READ  Apple Ungkap Kelemahan AI: Perubahan Kecil Bisa Pengaruhi Akurasi Model Bahasa

Demi merespons tantangan ini, para peneliti merekomendasikan beberapa langkah mitigasi guna mengurangi jumlah limbah elektronik yang dihasilkan. Salah satunya adalah dengan mendaur ulang perangkat server yang Tak Kembali digunakan daripada membuangnya begitu saja. Selain itu, komponen-komponen seperti modul komunikasi dan unit daya Lagi Pandai digunakan kembali, yang berpotensi memperpanjang masa Mengenakan perangkat keras tersebut.

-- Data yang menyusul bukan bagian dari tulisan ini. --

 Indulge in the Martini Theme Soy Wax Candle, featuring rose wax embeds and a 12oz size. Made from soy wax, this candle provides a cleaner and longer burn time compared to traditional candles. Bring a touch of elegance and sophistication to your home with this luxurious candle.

Mereka juga menekankan pentingnya pengembangan perangkat lunak dan optimasi sistem, sehingga chip atau GPU dapat berfungsi lebih lelet tanpa memerlukan penggantian yang terlalu sering. Menariknya, salah satu rekomendasi yang disarankan adalah agar perusahaan-perusahaan segera beralih ke GPU generasi terbaru daripada membeli lebih banyak GPU yang lebih lelet dan usang. Pendekatan ini, menurut mereka, Tak hanya dapat meningkatkan efisiensi komputasi tetapi juga dapat mengurangi jumlah perangkat yang akhirnya menjadi sampah elektronik.

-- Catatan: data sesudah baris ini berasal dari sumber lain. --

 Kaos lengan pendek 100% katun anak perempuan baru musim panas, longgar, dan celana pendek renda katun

READ  Jensen Huang, CEO Nvidia, Kunjungi Indonesia Buat Hadiri Indonesia AI Day

Para peneliti memperkirakan bahwa Apabila langkah-langkah mitigasi ini diterapkan dengan serius, volume sampah elektronik dari industri AI dapat dikurangi sebesar 16-86%. Meski demikian, implementasi dan keberhasilan rekomendasi ini bergantung pada komitmen industri teknologi serta adanya regulasi dari pemerintah atau kebijakan lingkungan yang lebih ketat. Tanpa dukungan dan kesadaran yang memadai dari pelaku industri serta kebijakan lingkungan yang kuat, rekomendasi tersebut mungkin sulit terlaksana, dan produksi sampah elektronik yang dihasilkan oleh perkembangan AI generatif kemungkinan tetap akan meningkat.

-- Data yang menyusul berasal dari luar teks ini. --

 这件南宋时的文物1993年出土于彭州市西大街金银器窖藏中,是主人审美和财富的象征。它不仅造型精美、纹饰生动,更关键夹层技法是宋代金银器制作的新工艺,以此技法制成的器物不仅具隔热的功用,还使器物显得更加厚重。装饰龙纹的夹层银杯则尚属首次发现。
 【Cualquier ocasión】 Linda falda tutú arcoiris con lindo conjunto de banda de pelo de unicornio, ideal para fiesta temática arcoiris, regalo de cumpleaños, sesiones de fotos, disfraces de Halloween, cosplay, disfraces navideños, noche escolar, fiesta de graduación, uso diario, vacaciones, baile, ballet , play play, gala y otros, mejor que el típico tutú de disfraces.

Studi ini menegaskan bahwa teknologi AI Tak hanya berdampak pada pemakaian sumber daya Kekuatan dan air, tetapi juga menambah masalah lingkungan terkait limbah elektronik yang selama ini cenderung terabaikan. Dengan perhatian yang lebih besar terhadap isu ini, diharapkan masyarakat dan pelaku industri dapat mengembangkan strategi yang lebih ramah lingkungan Demi mengelola teknologi AI secara berkelanjutan di masa depan.